Task to complete: From the first line to the last, return the data exactly, with no pictures.

-- Dataset extract follows --

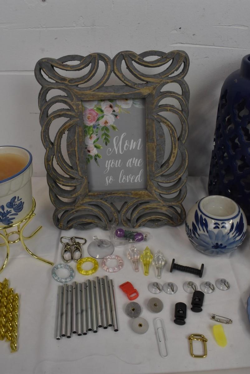 Home Decor: Mugs, Candles, Picture Frame, Disassembled Wind Chimes, Wall Hooks, etc
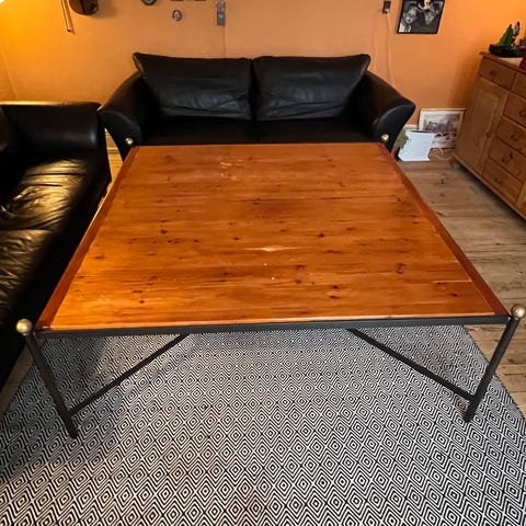 Massiv iroko plankebordplade til at lave et flot sofabord. Forberedt med metal afstiverer bagpå.
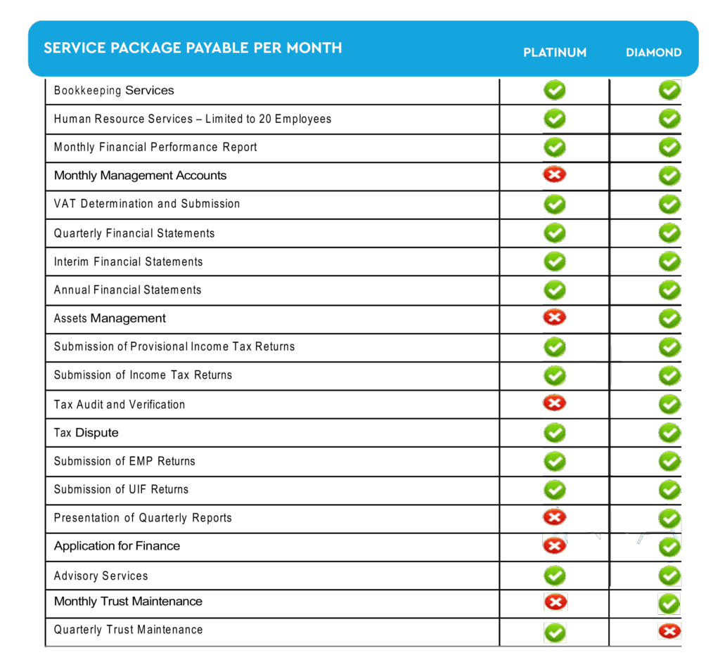 As Mwelase Chartered Accountants we don’t believe that one size fits all still works in this ever-changing economic environment, our approach is to allow our clients to choose service package from dynamic and economical options that we have designed and developed, and which will suit their business needs. Our company believes that tailor made services allow client to look at their business stage, business needs, budget, and risk exposure that their business faces. Below are different services packages that our clients can choose from.

-- Dataset extract concluded --

Exercise result:
 Home Decor: Mugs, Candles, Picture Frame, Disassembled Wind Chimes, Wall Hooks, etc
 Massiv iroko plankebordplade til at lave et flot sofabord. Forberedt med metal afstiverer bagpå.
 As Mwelase Chartered Accountants we don’t believe that one size fits all still works in this ever-changing economic environment, our approach is to allow our clients to choose service package from dynamic and economical options that we have designed and developed, and which will suit their business needs. Our company believes that tailor made services allow client to look at their business stage, business needs, budget, and risk exposure that their business faces. Below are different services packages that our clients can choose from.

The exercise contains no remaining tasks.